Post Title Image (Photo by The New York Public Library on Unsplash)

✳️ tl;dr

  • On 2025-09-15, Anthropic released its third Economic Index (approaching from different dimensions), tracking Claude usage patterns across 150+ countries and all US states for the first time. 1
  • (Possibly the first comprehensive geographic distribution data of AI adoption in the model industry?!)
  • Enterprise API customers show an automation rate of 77%, significantly higher than consumer users’ 50%, indicating that enterprises are actively shifting AI from collaborative tools to productivity replacement solutions.
  • Directive automation jumped from 27% to 39% within 8 months, marking the first time automation (49.1%) surpassed augmentation (47%), reflecting growing user confidence driven by improved model capabilities.

  • API usage shows only 3% price sensitivity (each 1% increase in cost index reduces usage by only 0.29%), with enterprises prioritizing capability and value over cost,
  • The speculated reason is that hidden infrastructure costs far exceed model fees (every $1 in model fees requires an additional $5-10 to deploy and reach production-ready status).
  • Ernest’s field observations align with this: those who complain about token costs typically lack sound organizational operational systems or workflows.

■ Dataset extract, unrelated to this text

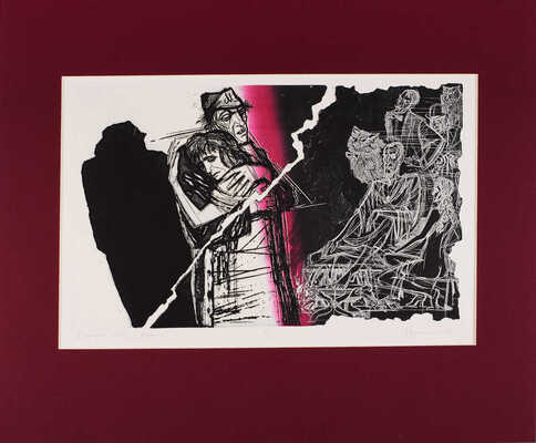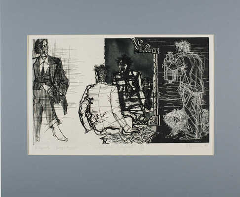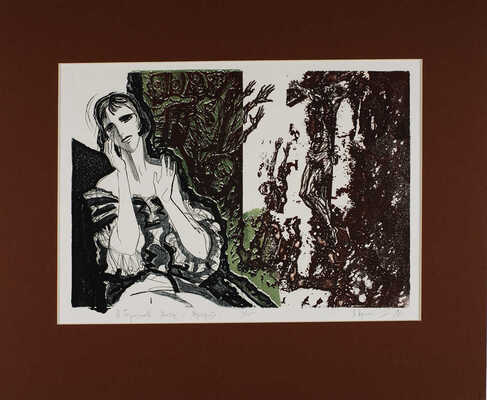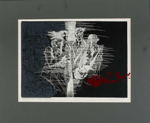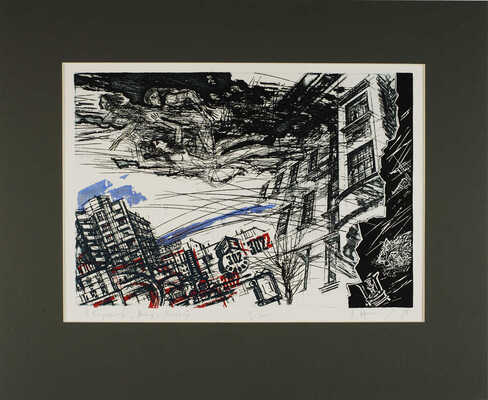 Бумага, цветной офорт Экземпляр 19 из 25 Размер 41 * 56 см Справа внизу авторская подпись и дата 9. Полет 1989 г. Бумага, цветной офорт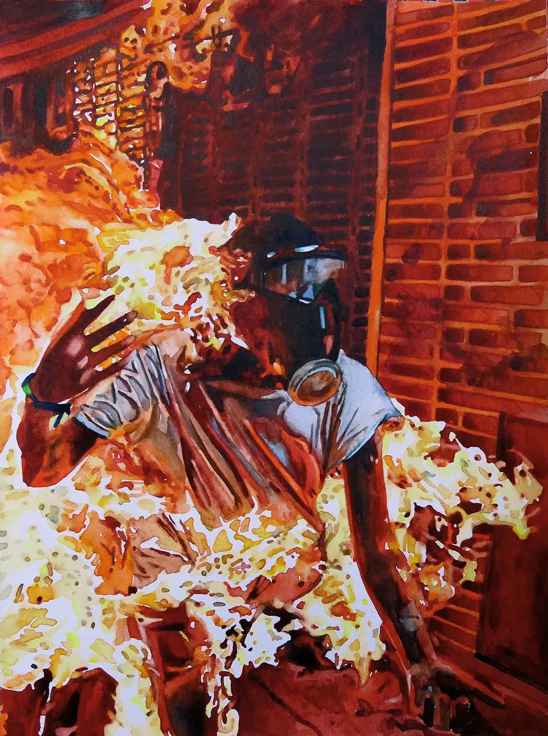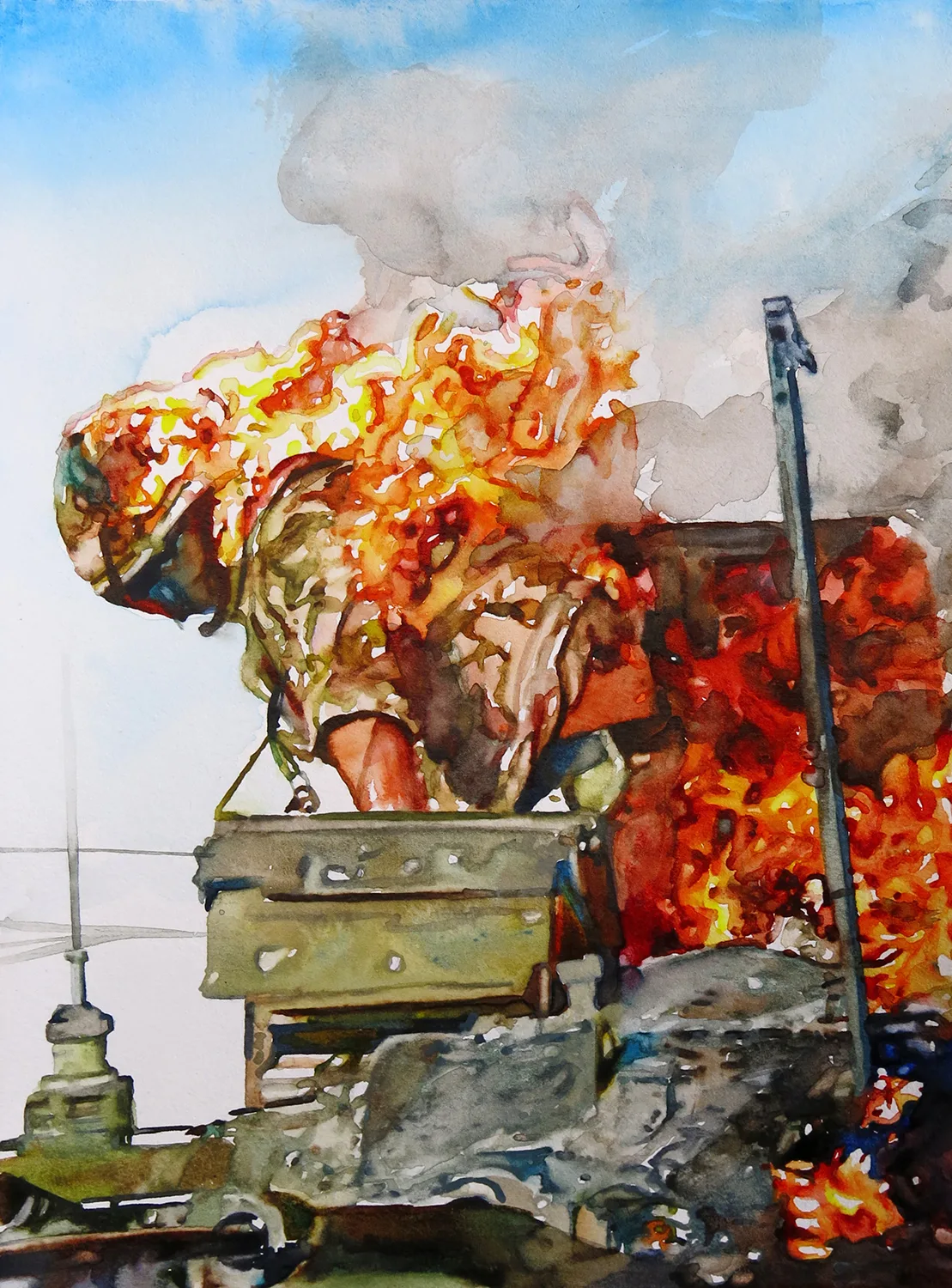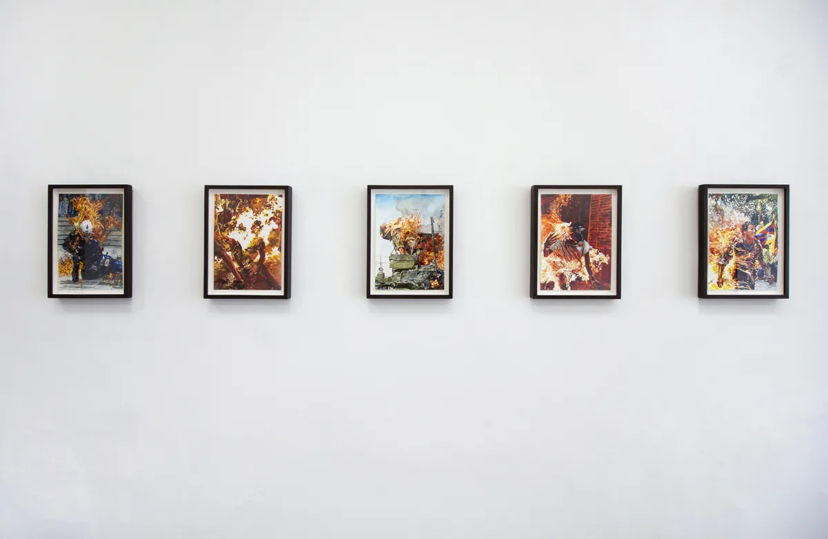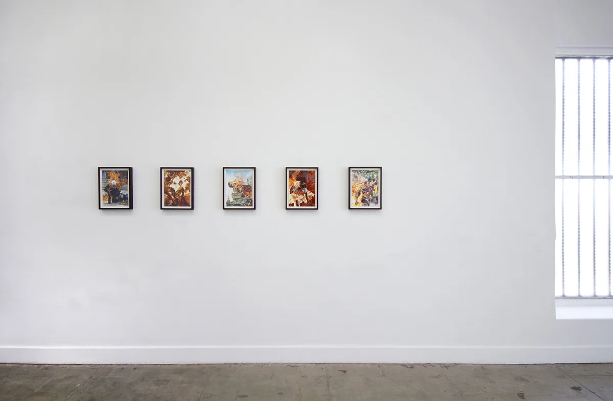 Throughout the exhibition we see bloodied, gun-toting macho men, almost cartoonish in their extreme, participating in representations of actual events. In each image, these groups of men are enveloped in an ecstatic, borderline erotic, moment as they’re swallowed by an admonishing red wave that embodies excitement and terror.

Conversely, those who see the overall value created are bold in adopting AI.
  • Approximately 5% of API traffic is dedicated to developing and evaluating AI systems, forming a recursive improvement loop of “AI developing AI,” which is speculated to accelerate capability advancement but also require stronger safety oversight.
  • US interstate GDP elasticity (1.8) is significantly higher than cross-country (0.7), yet income has lower explanatory power, indicating that industry composition and economic structure are stronger adoption drivers.

  • AUI = Anthropic AI Usage Index
  • Washington DC has the highest AUI (3.82), primarily for document editing and information search; California (third) focuses on programming; New York (fourth) prefers financial tasks, with local economic structures directly mapping to AI usage patterns.
  • Educational instruction tasks grew 40% (9% → 13%), scientific research grew 33% (6% → 8%), showing rapid adoption in knowledge-intensive fields, suggesting that high-skilled workers are leveraging AI to enhance professional capabilities.
  • Business management tasks declined 40% (5% → 3%), financial operations tasks halved (6% → 3%), suggesting these fields may be undergoing automation or users are shifting to more specialized tools.
  • Wealthy countries tend to use AI for augmentation, while poorer countries prefer automation, with each 1% increase in population-adjusted usage corresponding to approximately 3% reduction in automation after controlling for task mix.

  • The research uses privacy-preserving classification methods combining the O*NET database (19,498 task descriptions) and Claude’s proprietary classification system for dual verification, ensuring data anonymization.
  • However, its static nature and coarse-grained classification may fail to capture emerging tasks created by AI and programming work of varying complexity. 23
  • The true cost of enterprise AI includes data engineering, security compliance, continuous monitoring, and integration architecture, far exceeding surface-level API fees, which is speculated to explain why enterprises are price-insensitive. 45
  • Model capability improvements (Sonnet 3.6 → 4.x series) directly drive behavioral changes, with better output quality reducing iteration needs, suggesting that future more powerful models may further increase automation ratios and transform human-AI collaboration patterns.